Detailed Biography of Nicholas Grabowsky

Nicholas Grabowsky

(Biography, career, and notes taken from sources proceeding text)



Nicholas Grabowsky’s novels of horror/fantasy and mainstream pulp fiction, both as himself, as Nicholas Randers, and as Marsena Shane, have generated worldwide acclaim for over two decades and praised by many of today’s most popular horror gurus  in the literary world.  He began his career in traditional publishing houses with brisk sellers in mass market paperback horror and romance, and the last ten years have seen him hailed by many as a mentor and advocate to the smaller presses, which has become to him a passion. 

His body of work includes the award-winning macabre aliens-among-us epic The Everborn, The Rag Man, Pray Serpent’s Prey, Halloween IV (and its special edition), Diverse Tales, Reads & Reviews, The Wicked Haze, Sweet Dreams Lady Moon, June  Park, and Red Wet Dirt, numerous anthologies, magazine articles, and self help books, with projects extending to screenplays, poetry, songs, film, and a wide variety of short fiction and nonfiction since the 1980’s. 

He’s a veteran special guest at numerous genre conventions and makes appearances and signings across North America.  He has been in the limelight a radical gospel preacher right out of high school and in the following years a rock vocalist, teacher, lecturer and activist, editor, publisher and founder of the Sacramento-based Diverse Media small press, which has recently blossomed into the subdivisions of Black Bed Sheet Books, which publishes “exemplary literature, fiction & non” but specializes in horror/fantasy, and Black Bed Sheet Productions, which produces independent film. 

Currently, Nicholas is at work with numerous anthologies, graphic novels and comic books, an Everborn sequel and the novels The Downwardens and The Sirens of Knowland.
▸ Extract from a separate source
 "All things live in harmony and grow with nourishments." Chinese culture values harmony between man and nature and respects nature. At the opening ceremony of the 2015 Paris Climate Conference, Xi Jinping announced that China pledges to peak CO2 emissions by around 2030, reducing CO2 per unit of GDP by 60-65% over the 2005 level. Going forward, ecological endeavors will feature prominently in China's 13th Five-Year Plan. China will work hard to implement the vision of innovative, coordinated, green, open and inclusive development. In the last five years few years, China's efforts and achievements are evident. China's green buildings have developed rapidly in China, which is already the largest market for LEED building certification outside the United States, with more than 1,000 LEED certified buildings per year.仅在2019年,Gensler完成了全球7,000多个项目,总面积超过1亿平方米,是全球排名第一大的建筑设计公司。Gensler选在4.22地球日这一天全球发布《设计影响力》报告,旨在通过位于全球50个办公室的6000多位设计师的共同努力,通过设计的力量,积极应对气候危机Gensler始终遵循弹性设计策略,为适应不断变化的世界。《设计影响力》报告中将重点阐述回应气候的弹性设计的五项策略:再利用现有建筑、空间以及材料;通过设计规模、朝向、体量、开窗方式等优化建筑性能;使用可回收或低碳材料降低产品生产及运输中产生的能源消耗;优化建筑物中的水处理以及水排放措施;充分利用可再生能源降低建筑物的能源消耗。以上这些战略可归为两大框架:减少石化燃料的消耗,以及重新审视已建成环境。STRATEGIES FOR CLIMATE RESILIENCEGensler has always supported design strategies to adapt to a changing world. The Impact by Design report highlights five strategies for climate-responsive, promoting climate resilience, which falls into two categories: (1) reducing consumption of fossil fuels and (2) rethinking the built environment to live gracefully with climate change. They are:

His independent film projects include the upcoming slasher creature feature Cutting Edges.  For more on the author and his works, visit, the official site of all things Grabowsky.

Personal Life

Nicholas Grabowsky was born Nicholas John Grabowsky in Norwalk (CA) on May 7, 1966, to parents Arthur J. Grabowsky and Doris Ruth Moreno. From 1966 to 1995, he resided with his family in Southern California, where Anaheim (CA) is heralded as his hometown although he also resided periodically in surrounding towns such as Garden Grove, CA. He began writing fiction as early as the third grade at the Thomas Alva Edison Elementary School in Anaheim, where his teacher assigned students to pen their own tall tales after viewing Disney film shorts such as Paul Bunyan and Pecos Bill. As early as the sixth grade, while attending Dr. Jonas E. Salk Elementary School, he had written dozens of short scripts and novellas and had drawn a series of comics entitled Gooneyville, which he regularly photocopied and distributed to classmates, as well as  audiotaped variety segments entitled The Swiss Robber Show, where he’d utilize scripted recorded voices from locals combined with sound effects and celebrity voices and music from radio and television which he sold for a dollar apiece to faculty, students and neighbors.
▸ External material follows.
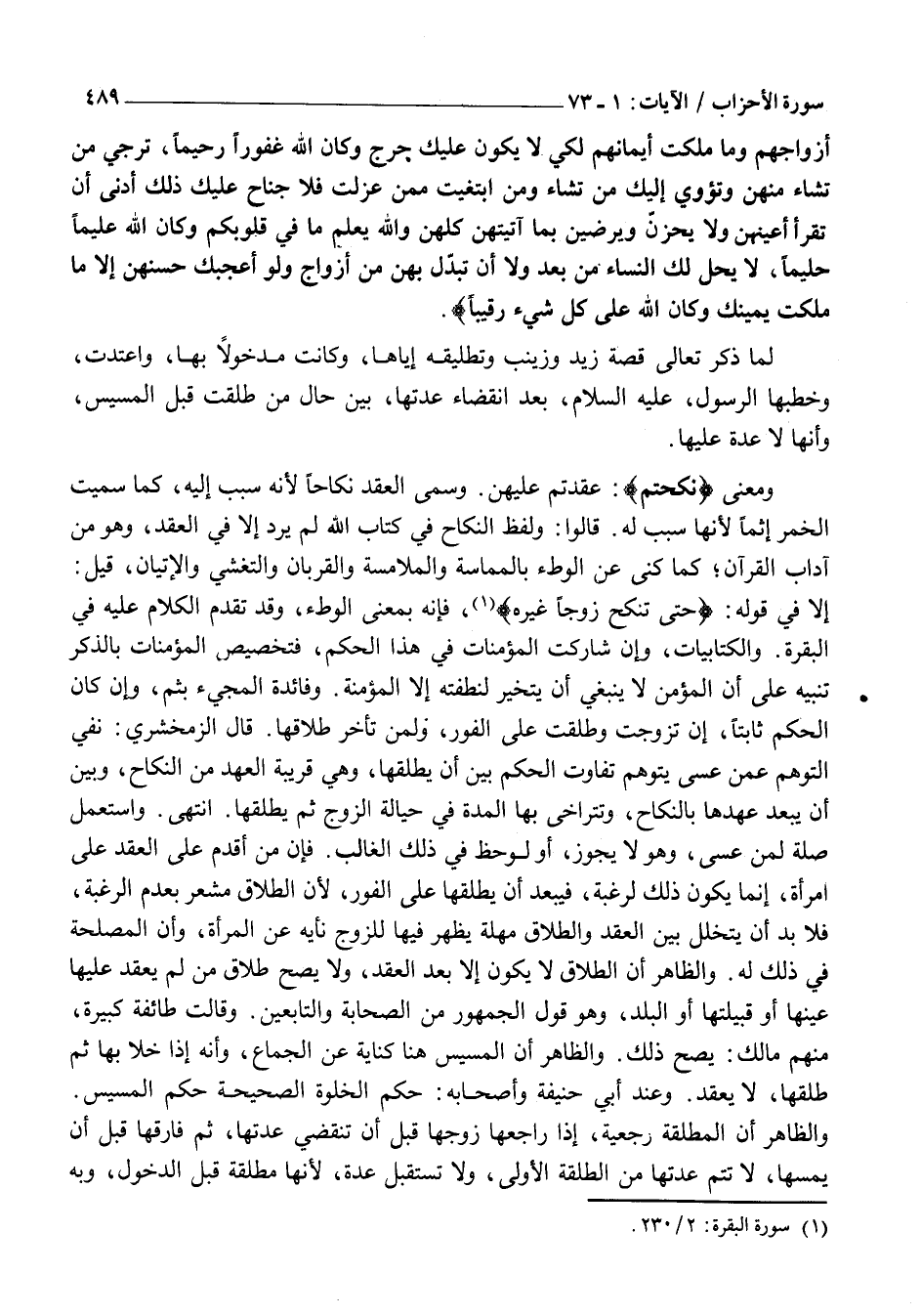 أَزْواجِهِمْ وَما مَلَكَتْ أَيْمانُهُمْ لِكَيْلا يَكُونَ عَلَيْكَ حَرَجٌ وَكانَ اللَّهُ غَفُوراً رَحِيماً، تُرْجِي مَنْ تَشاءُ مِنْهُنَّ وَتُؤْوِي إِلَيْكَ مَنْ تَشاءُ وَمَنِ ابْتَغَيْتَ مِمَّنْ عَزَلْتَ فَلا جُناحَ عَلَيْكَ ذلِكَ أَدْنى أَنْ تَقَرَّ أَعْيُنُهُنَّ وَلا يَحْزَنَّ وَيَرْضَيْنَ بِما آتَيْتَهُنَّ كُلُّهُنَّ وَاللَّهُ يَعْلَمُ مَا فِي قُلُوبِكُمْ وَكانَ اللَّهُ عَلِيماً حَلِيماً، لَا يَحِلُّ لَكَ النِّساءُ مِنْ بَعْدُ وَلا أَنْ تَبَدَّلَ بِهِنَّ مِنْ أَزْواجٍ وَلَوْ أَعْجَبَكَ حُسْنُهُنَّ إِلَّا مَا مَلَكَتْ يَمِينُكَ وَكانَ اللَّهُ عَلى كُلِّ شَيْءٍ رَقِيباً.

Artist Ola Larsson’s interpretation of Nicholas as a child, © 2008 Ola Larsson

His creative writing continued through junior high and high school, where he consistently sought the attentions of Hollywood with screenwriting and acting pursuits, basking in the limelight of various periodicals such as Jack N’ Jill Magazine and local fare, and was heralded in such industry publications as Producer’s Report and various minor magazines, and competed in school-related state-wide drama competitions. A strict conservative Christian Penticostal upbringing and involvement with a number of related denominations and Christian cults found his interests redirected in his late teens towards evangelism, related contemporary Christian music, and songwriting. By the time he was eighteen years of age, he was preaching and often singing largely original songs and playing piano to congregations of over a thousand people with a mannerism and style similar to early ‘80’s contemporary Christian guru Keith Green, infused with further influences notably from related genre talents as Steve Taylor and Randy Stonehill, and he traveled through dozens of states in the Western U.S. as the headlining star in the smash musical The Witness.

In 1988, Nicholas’ first son was born out of wedlock and caused controversy in his church/musical world.  When his son’s mother had an alleged affair with a married and prominent church pastor soon afterwards, it and many other factors caused a disillusioned Nick to part ways with the religious/musical elements of his life, and he focused on his writing (see next section).  From 1990 to 1995, after publishers of a majority of his earlier works bowed out from the book industry without fulfilling their contracts, Nicholas submerged himself in the company of many underground Los Angeles/Orange County bands in a world of drugs and decadence.  He took up residence with prominent members of such infamous cult bands as The Adolescents, Christian Death, Berlin, and The Mentors  (whose lead singer, El Douche, has been the main focus of conspiracy theories involving the death of Kurt Cobain), all the while writing of his experiences and what was to evolve into The Everborn, which eventually became a career signature novel.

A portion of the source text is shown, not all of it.